To understand the basis on which the House of Lords reached their conclusion, it is necessary to consider two passages from the short leading opinion of the Earl Halsbury. In the first passage, he observed that “it would be absolutely impossible, I think, to lay down with precision what is or is not comprehended in such words as ‘interested or concerned’. You must look at the facts of the particular case and look at the business meaning of the words”. Having made this observation, he stated later that “when you are dealing with the carrying on of a business and endeavouring to prevent the carrying on of that business directly or indirectly, or the (sic) having any part or concern in that business, I think every business man would quite comprehend that the mere fact of being a creditor of the firm is not being ‘concerned or interest in’ it”.
Contrary to Mr Pay’s submissions, this case is not authority for the proposition that a covenantor who lends funds or other assets for application in a business cannot thereby be concerned in the business. In interpreting the covenants and assessing whether the covenantor has committed a breach, it is necessary to identify the contractual objects of the parties and the conduct of the covenantor. This involves assessing and evaluating the facts as a whole. To be concerned in the business, it is generally not enough for the covenantor to have assumed the status of a creditor. It is necessary to examine the route by which he did so and ask whether the lending was coupled with other activities to support, assist or intervene in the business. Where the covenantor has thereby involved himself in the business, there is every prospect it will be adjudged he has become concerned in the business and thus committed a breach of covenant.

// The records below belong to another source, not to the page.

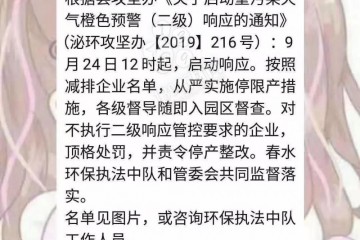 @【通知】春水鎮(zhèn)各石材加工企業(yè):根據(jù)縣攻堅辦《關(guān)于啟動重污染天氣橙色預(yù)警(二級)響應(yīng)的通知》(泌環(huán)攻堅辦【2019】216號):9月24日12時起,啟動響應(yīng)。按照減排企業(yè)名單,從嚴(yán)實施停限產(chǎn)措施,各級督導(dǎo)隨即入…
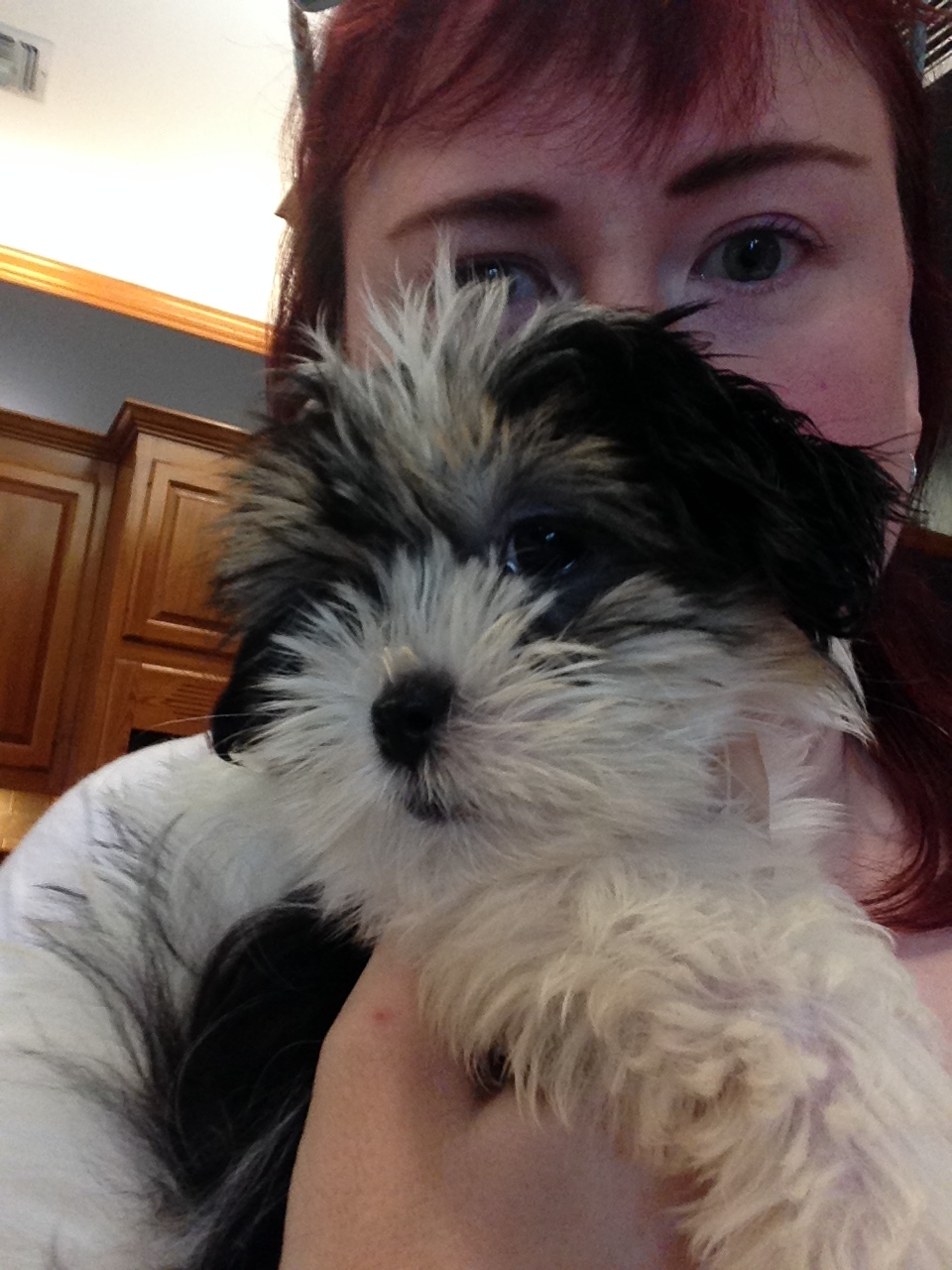 | Basil's friend, Mogli, is obviously quivering with excitement. (This is my sister-in law's dog, he is a living stuffed toy and is one of the cutest dogs on the planet.) |
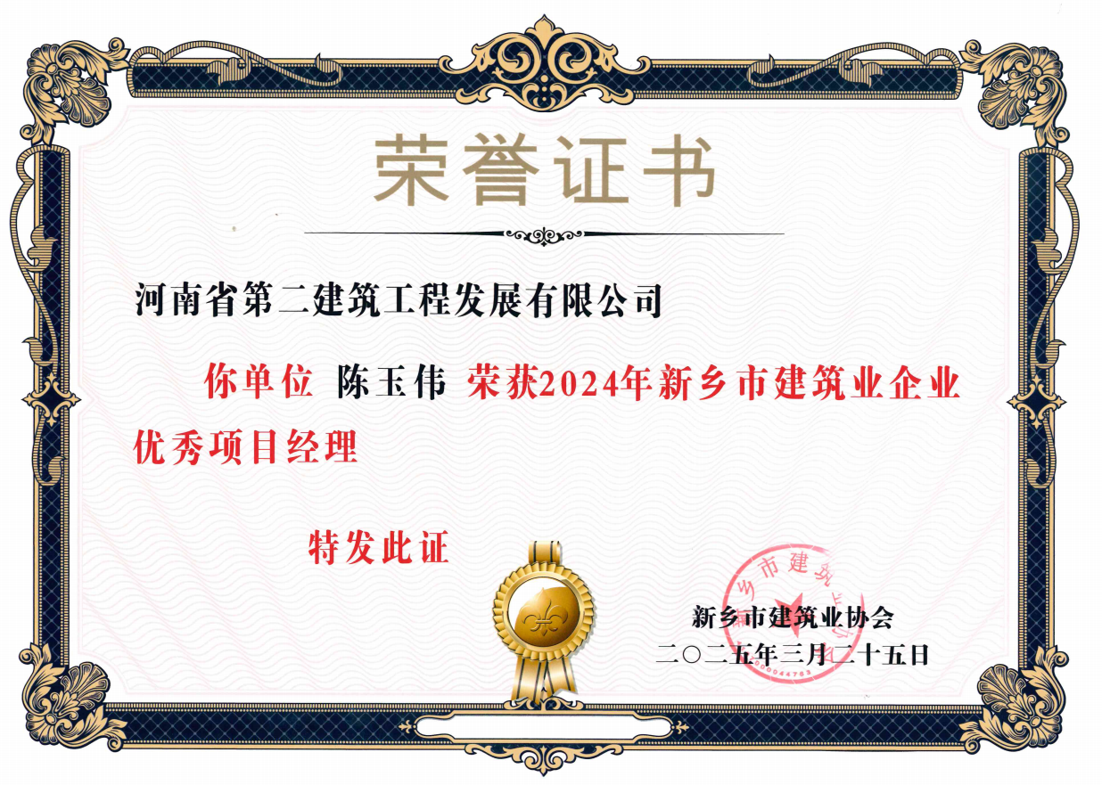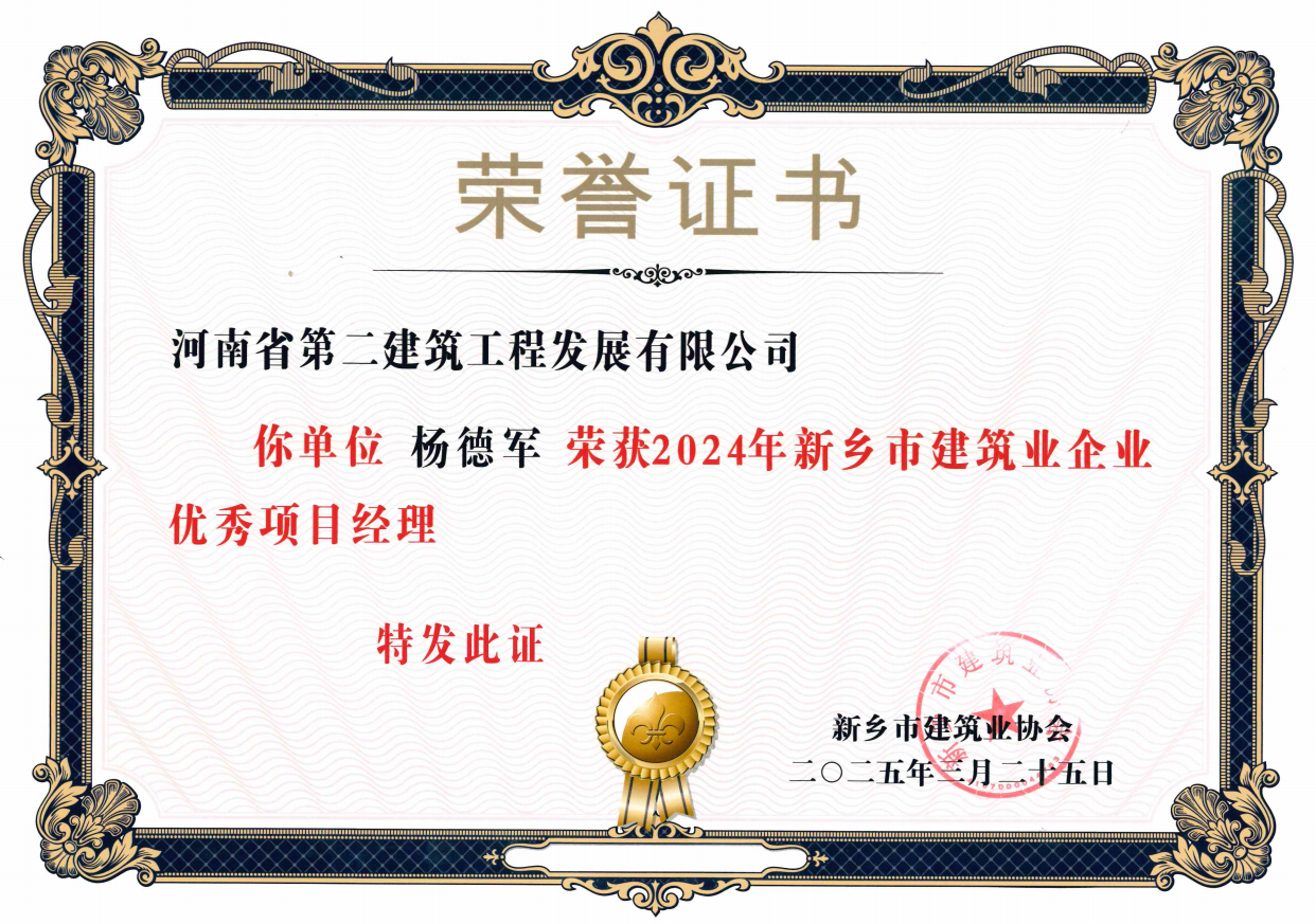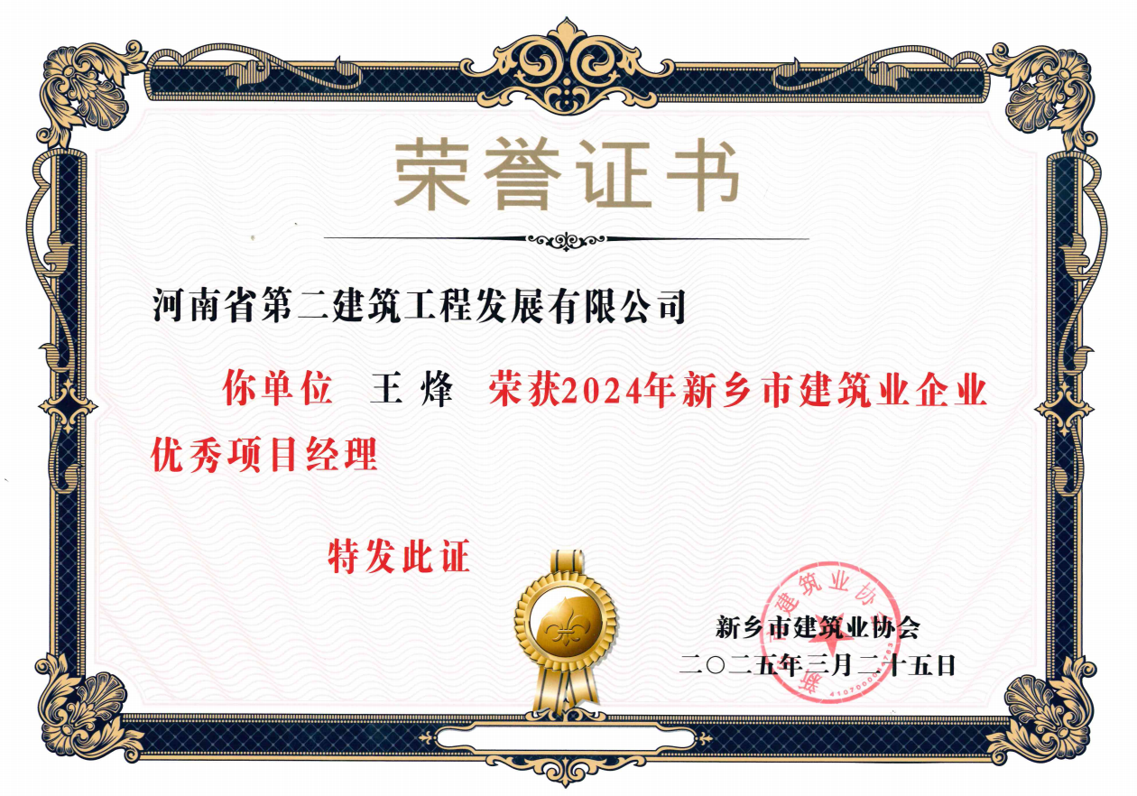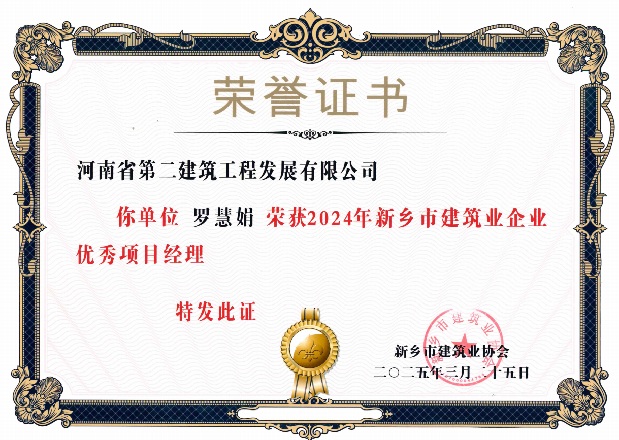 近日,由新乡市建筑业协会开展的2024年度新乡市建筑业先进企业、建筑安全先进企业、建设工程质量管理先进企业、建筑业企业优秀项目经理评选结果公布,我公司成功当选为新乡市建筑业先进企业、建筑安全先进企业、建设工程质量管理先进企业。并有王烽、罗慧娟、陈玉伟、杨德军、张会江5人当选为建筑业企业优秀项目经理。

The decision of the House of Lords in William Corey v Harrison (supra) appears not to have been cited to the Court of Appeal in Batts Combe Quarry v Ford (supra). However, the decisions, in each case, are not inconsistent. In Batts Combe Quarry v Ford, the vendors of a quarry covenanted that they would not for a period of ten years “…carry on or assist in carrying on or be engaged concerned or interested or employed in the business of a quarry within 75 miles…” One of the vendors provided money to his son to fund the purchase of a rival quarry together with working capital. He also took part in negotiations on his sons’ behalf for the purchase of machinery and equipment.
At first instance, the judge was persuaded that the father’s only putative breach was providing the funds for his son to set up the business of the rival quarry and focussed narrowly on whether this amounted to assistance in carrying on such a business. Lord Greene allowed an appeal on the basis that, by funding the business, the father had assisted in carrying on the business. The appeal succeeded on this ground alone although it also amounted to a breach for the father to have assisted his son by providing him with equipment for the business.
Quite apart from this, Lord Greene said the case was covered by the restriction prohibiting the vendors from being concerned in the rival business. At 53, he said he could “see no more effective way of being concerned in a business than by providing the capital necessary to establish it, and the word ‘concerned’ seems also to cover the assistance given by the father in the course of the negotiations”.
Lord Green’s analysis in Batts Combe Quarry v Ford (supra) was followed by HHJ Havelock Allen QC in Universal Components Ltd v Vickery (supra). This involved an application for an interim injunction restraining the vendors of shares from lending funds for application in a rival business. The relevant covenant prohibited them from being “concerned or interested, either directly or indirectly, in any business which directly competes with the business” of one of the claimants. The Judge concluded that, since the defendant in William Cory v Harrison (supra) had only become interested as a creditor, “by accident” – as he put it - the case before him was distinguishable. Whether it was necessary for him to distinguish William Cory in this way is a moot point. In William Cory, Lord Halsbury was astute to observe that each covenant was to be construed according to its factual context. He also considered that the issue boiled down to whether the status of a person as a creditor sufficed to make him concerned or interested in the business. The answer to this was that it did not; it remained necessary to ask how he became a creditor and examine his conduct more generally.
For a different perspective, Mr Pay relied on Bird v Lake (supra), Smith v Hancock (supra), Sabmiller Africa BV v Tanzania Breweries Ltd (supra) and WPS Enterprises Property Ltd v Radford (supra). However, in my judgment, none of these cases afford him significant support.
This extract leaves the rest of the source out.